There is no area of interest, no matter how narrowly defined, where a person cannot put up a wiki for it and attract at least a few editors with similar interests. Increasingly, there is a chance that someone already has put up a wiki for it. For example, here's one for cacti. The plants.

In the early days of the Internet, there was a similar phenomenon, the "everything has its home page" rule. Anyone with enough HTML savvy and a powerful enough interest in one particular subject could and often would create a site dedicated to it. This was largely how the early Web was forged. All the stuff we know and love today — e-commerce, social networking — that came later. Except pornography. Porn was there from the beginning.

With the advent of Wikipedia, however, the playing field changed. Rather than rely on a collection of sites each written by one person with questionable expertise, users could now find most of the information they needed in an article written, edited, and fact-checked by an entire user base of people... with questionable expertise! But all on one easy-to-remember site.

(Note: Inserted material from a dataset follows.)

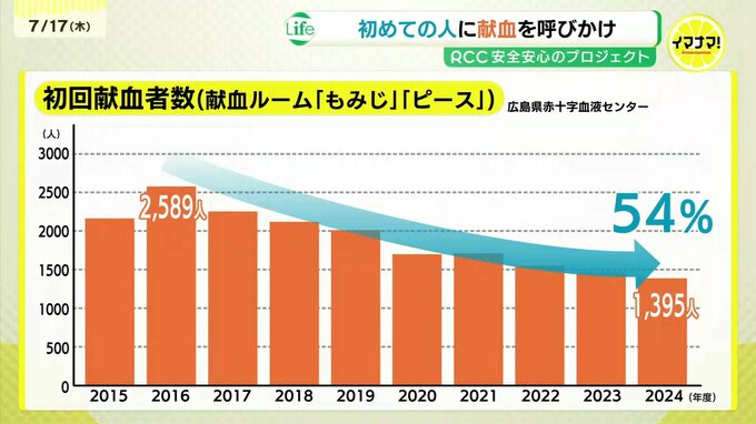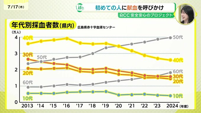 赤十字血液センターによりますと、2024年度、広島県内で献血したのべ人数は、およそ11万8千人。これは人口の4%なんですが、年代別に見ると、50代以上の人が増えているものの、10代~40代で減少しています。献血できるのは69歳まで、ということですから、若い世代が献血になじみがないと、これから先が心配…ということなんですよね。

However, several factors kept Wikipedia from being a perfect replacement for the old system. A desire for greater detail on the topic than Wikipedia is willing to allow, for one. Schisms or differing schools of thought on the topic were another. Fan-made wikis sprang up to bring back the world of homemade sites with the added benefits of the wiki model. Wikis are also popular with open source software projects for documentation as wikis can be updated much more quickly than static pages. The "wiki-sphere" is becoming a vast depository of information at all levels of detail. The encyclopedic wikis are collecting a great breadth of topics at an increasingly shallow level of detail, and the topic-intensive wikis are gathering all the details.

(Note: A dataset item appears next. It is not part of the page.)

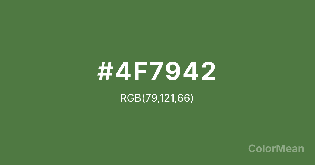 Fern Green (web) (#4F7942) RGB value is (79, 121, 66). The hex color red value is 79, green is 121, and blue is 66. Its HSL format shows a hue of 106°, saturation of 29 percent, and lightness of 37 percent. The CMYK process values are 35 percent, 0 percent, 45 percent, 53 percent.

Not all Wikis are on the major search engines, though. Corporations use wikis behind firewalls, the American CIA uses one to collate data among agents and analysts, and even publishers of dead-tree books use them to coordinate edits among authors, editors, and copy editors.

Fan-made wikis are usually made on wiki farms, such as Fandom (formerly known as Wikicities and Wikia).note  Few are hosted on preexisting fansites, like Homestar Runner Wiki and TFWiki.net. Organizations such as NIWA (Nintendo Independent Wiki Alliance) have spoken out against the commercialization that takes place on wiki farms, and have encouraged fans to set up their websites, while The Anti-Wikia Alliance is against Wikia specifically.

Wikis can reach truly huge sizes. To put them up as candidates for a Doorstopper is an understatement. See the list of largest wikis. Also, due to the ever-increasing importance of wikis in modern internet culture as well as the ever-increasing amount of information stored in said wikis, several archival initiatives such as the Wiki Team by Archive Team (which in and on itself is a wiki) have sprung up to protect these valuable codexes of information from maladies such as expired domains and wiki farm shutdowns. Show them some love.

The "dead tree" equivalent of this trivia is The Magazine Rule.

No examples, please. This only defines the term.